Он протянул руку к бутылке и сделал несколько глотков прямо из горлышка, затем загасил сигарету и взял новую. Пауза длилась больше минуты, и он вновь заговорил.
— Завтра приезжает твоя мать. Это женщина, которую я люблю. Я мужик, а с мужиками такие вещи случаются. Правда, умные люди не гадят в собственном доме, только такие идиоты, как я. Непростительная глупость! Нам надо забыть о случившемся.
— Уверен? Когда мать уедет в следующий раз, ты опять напьешься и снова уложишь меня в свою постель и заговоришь о любви.

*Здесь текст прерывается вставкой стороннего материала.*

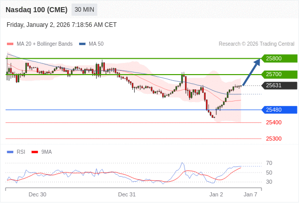 在 25480 之上,看涨,目标价位为 25700 ,然后为 25800 。
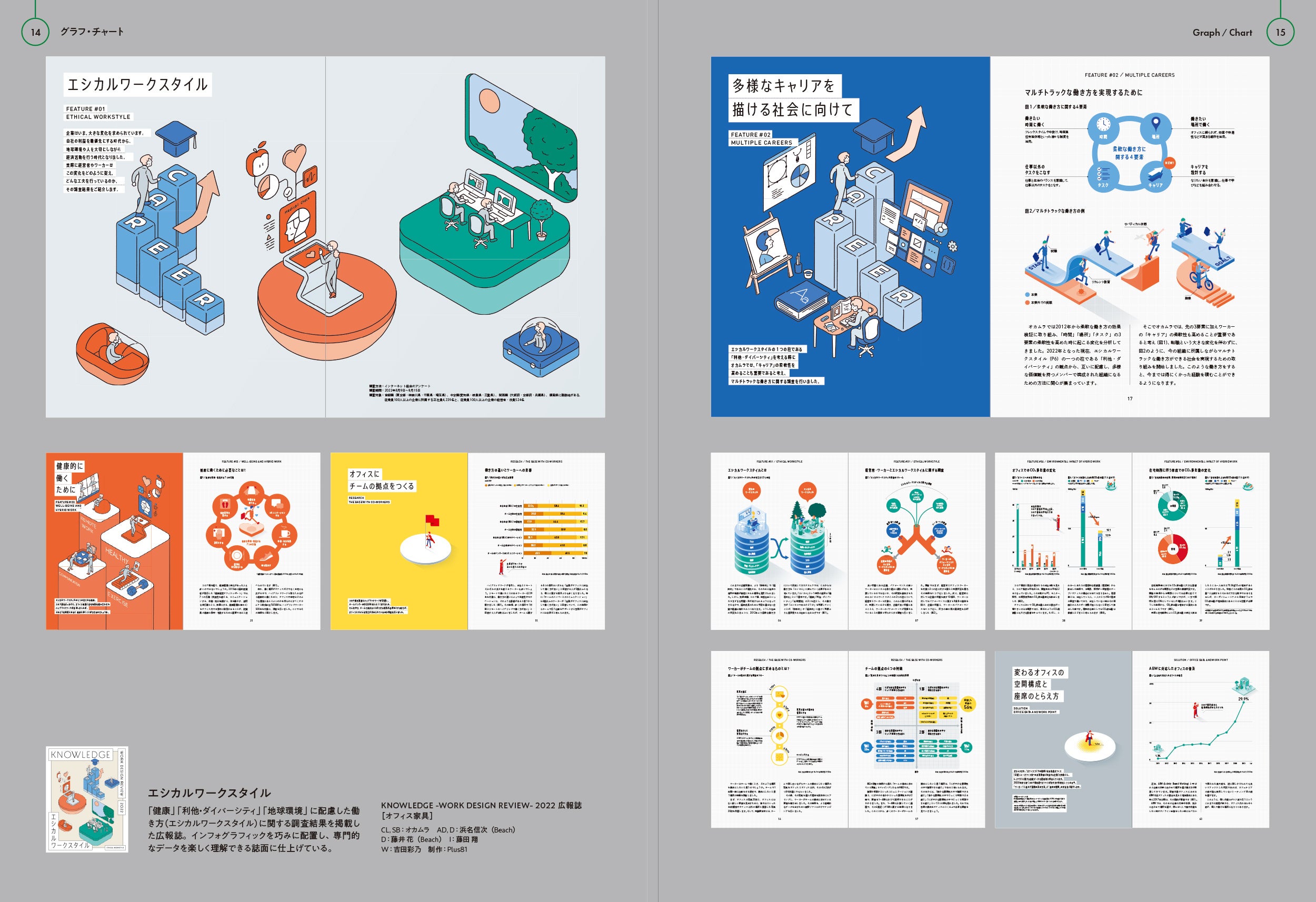 https://prcdn.freetls.fastly.net/release_image/12505/1146/12505-1146-3a43e3b97c713b46fee7ed02f635dfb9-2500×1714.jpg A public relations magazine featuring survey results on work styles (ethical work styles) that take into consideration “health,” “altruism/diversity,” and “the global environment.” Infographics are cleverly placed to create a magazine that makes specialized data easy to understand.
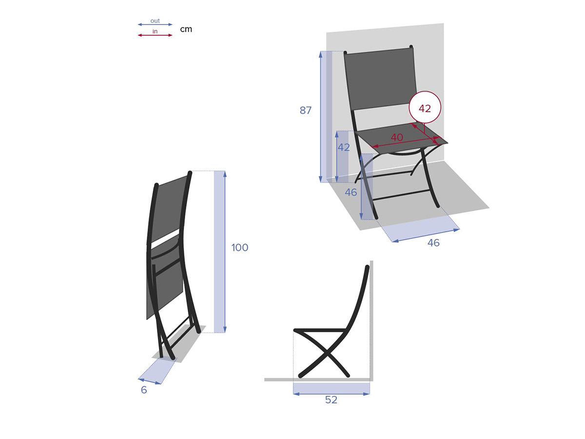 Chaises de jardin pliante métal Modula Hesperide. Assise en texaline et structure en métal. Chaises pliantes. Différentes couleurs disponibles. • Dimensions de la chaise dépliée (L x P x H) : 46 x 52 x 86 cm • Dimensions de la chaise pliée (L x P x H) : 100 x 46 x 14.5 cm • Hauteur d'assise avant : 46,5 cm • Hauteur d'assis arrière : 42,5 cm Caractéristiques techniques Couleur:Gris Dimensions (L x l x H):52 x 46 x 87 cm Empilable:Non Garantie:2 ans Grammage:580 g/m' Hauteur d'assise:46,5 cm Marque:HESPERIDE Matière de l'assise:Texaline Matière(s):Acier traité epoxy Pliante:Oui Poids:3,5 kg Poids maximum supporté:110 kg Type de produit:Chaise
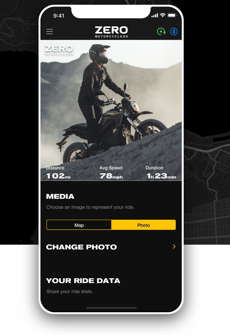 The "Next Gen" app connects to the motorcycle’s dashboard and Cypher III firmware, creating a feature-rich ecosystem, allowing riders to control the bikes performance with customized Ride Modes and dashboard. Utilizing cellular connectivity, riders have the ability to monitor the bike in four main areas: Bike Status, Battery Charging, Ride Data, and Updates / Upgrades.
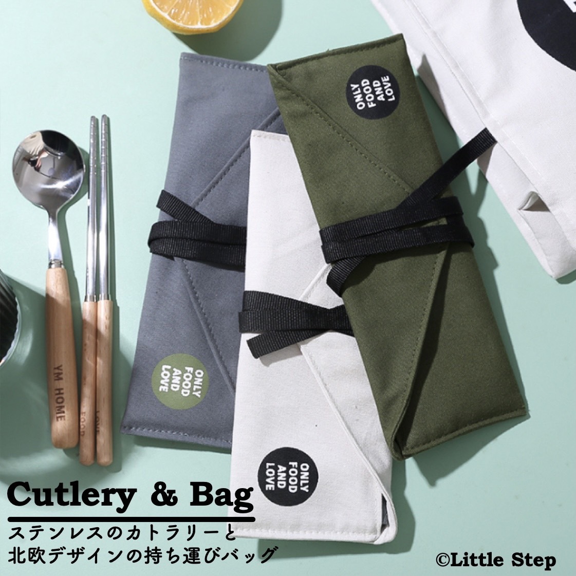 ・特徴:布のおしゃれなケース付きのカトラリーセット。ランチのお弁当用やキャンプなどのアウトドアに持ち運べる便利なカトラリーです。布でできたおしゃれなカバーを使って自由に持ち運ぶことができます。
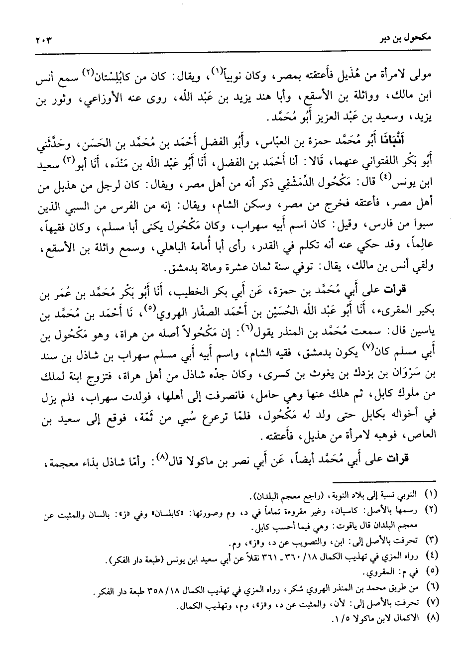 مولى لامرأة من هذيل فأعتقته بمصر وكان نوبيا (1) ويقال كان من كابلستان (2) سمع أنس ابن مالك وواثلة بن الأسقع وأبا هند يزيد بن عبد الله روى عنه الأوزاعي وثور بن يزيد وسعيد بن عبد العزيز أبو محمد أنبأنا أبو محمد حمزة بن العباس وأبو الفضل أحمد بن محمد بن الحسن وحدثني أبو بكر اللفتواني عنهما قالا أنا أحمد بن الفضل أنا أبو عبد الله بن مندة أنا أبو (3) سعيد ابن يونس (4) قال مكحول الدمشقي ذكر أنه من أهل مصر ويقال كان لرجل من هذيل من أهل مصر فأعتقه فخرج من مصر وسكن الشام ويقال إنه من الفرس من السبي الذين سبوا من فارس وقيل كان اسم أبيه سهراب وكان مكحول يكنى أبا مسلم وكان فقيها عالما وقد حكي عنه أنه تكلم في القدر رأى أبا أمامة الباهلي وسمع واثلة بن لأسقع ولقي أنس بن مالك يقال توفي سنة ثمان عشرة ومائة بدمشق قرأت على أبي محمد بن حمزة عن أبي بكر الخطيب أنا أبو بكر محمد بن عمر بن بكير المقرئ أنا أبو عبد الله الحسين بن أحمد الصفار الهروي (5) نا أحمد بن محمد بن ياسين قال سمعت محمد بن المنذر يقول (6) إن مكحولا أصله من هراة وهو مكحول بن أبي مسلم كان (7) يكون بدمشق فقيه الشام واسم أبيه أبي مسلم سهراب بن شاذل بن سند بن سروان بن بزدك بن يغوث بن كسرى وكان جده شاذل من أهل هراة فتزوج ابنة لملك من ملوك كابل ثم هلك عنها وهي حامل فانصرفت إلى أهلها فولدت سهراب فلم يزل في أخواله بكابل حتى ولد له مكحول فلما ترعرع سبي من ثمة فوقع إلى سعيد بن العاص فوهبه لامرأة من هذيل فأعتقته قرأت على أبي محمد أيضا عن أبي نصر بن ماكولا قال (8) وأما شاذل بذاء معجمة
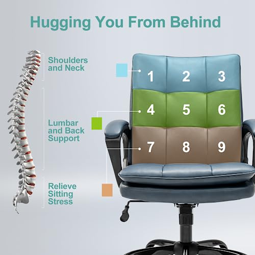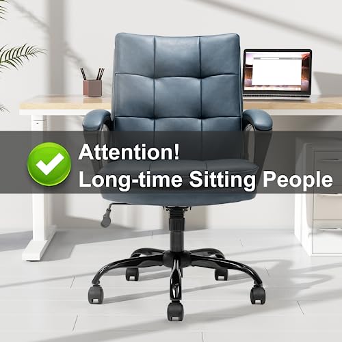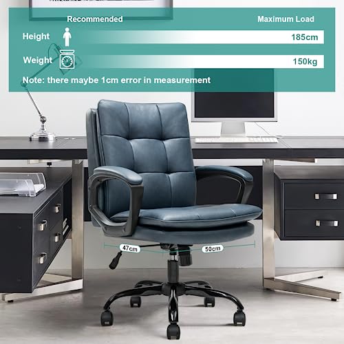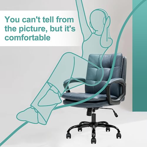 TRIUMPHKEY Sedia da scrivania in pelle blu, sedia da ufficio, sedia per computer sedia da scrivania executive sedia girevole altezza regolabile con rotelle braccioli 150 kg (Blu)
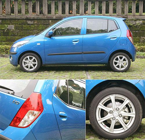 雖然為了爭取較寬敞的車室空間,i10采用了高車身的設計,但在車側腰線特意提高,加上側窗上揚收尾的線條,讓人不容易察覺i10高人一等的車身,在后車門把位置,原廠也在鈑件上加入一道折線,讓視覺效果更為豐富,而此次所試駕的頂級車型,則換上加裝的14吋鋁圈,增添運動氣息。

Но только не к матери, а ко мне. Я за язык тебя не тянула, и ты не был похож на человека, который врет.
— Ты еще не знаешь мужиков. Когда они хотят заполучить бабу, то что угодно наболтают…
— Я не баба, — повысила голос девушка. — Не путай меня со своими шлюхами. Ты сам сказал, что сделал непростительную глупость. Так вот. Я ее не прощаю и ничего не забуду. Или ты хочешь, чтобы наш конфликт решала мать?
Он вздрогнул. Эти слова просвистели бичом в его ушах. Голос у девочки звучал твердо и уверенно. Он услышал в нем материнские нотки. Ему стало не по себе. Он обернулся и подался вперед.
— Послушай, милое создание, не надо перегибать палку. Я готов выполнять твои капризы, и ты можешь забавляться, если тебе так хочется, но не вмешивай сюда мать.
Девушка прищурила глаза и криво ухмыльнулась.
На секунду ему показалось, будто перед ним сидит ведьма в обличье ребенка.
— Испугался, что мать тебя выставит за дверь и лишит сладкого в своем завещании? Она баба крутая, за ней не заржавеет. Недаром мужиками руководит. И кем? Банкирами, а не ханыгами. А тебе нравится тяжесть ее каблука?
— Куда тебя заносит?
Он вновь отвернулся. Она прильнула грудью к его спине и вцепилась тонкими изящными пальчиками в сильные широкие плечи.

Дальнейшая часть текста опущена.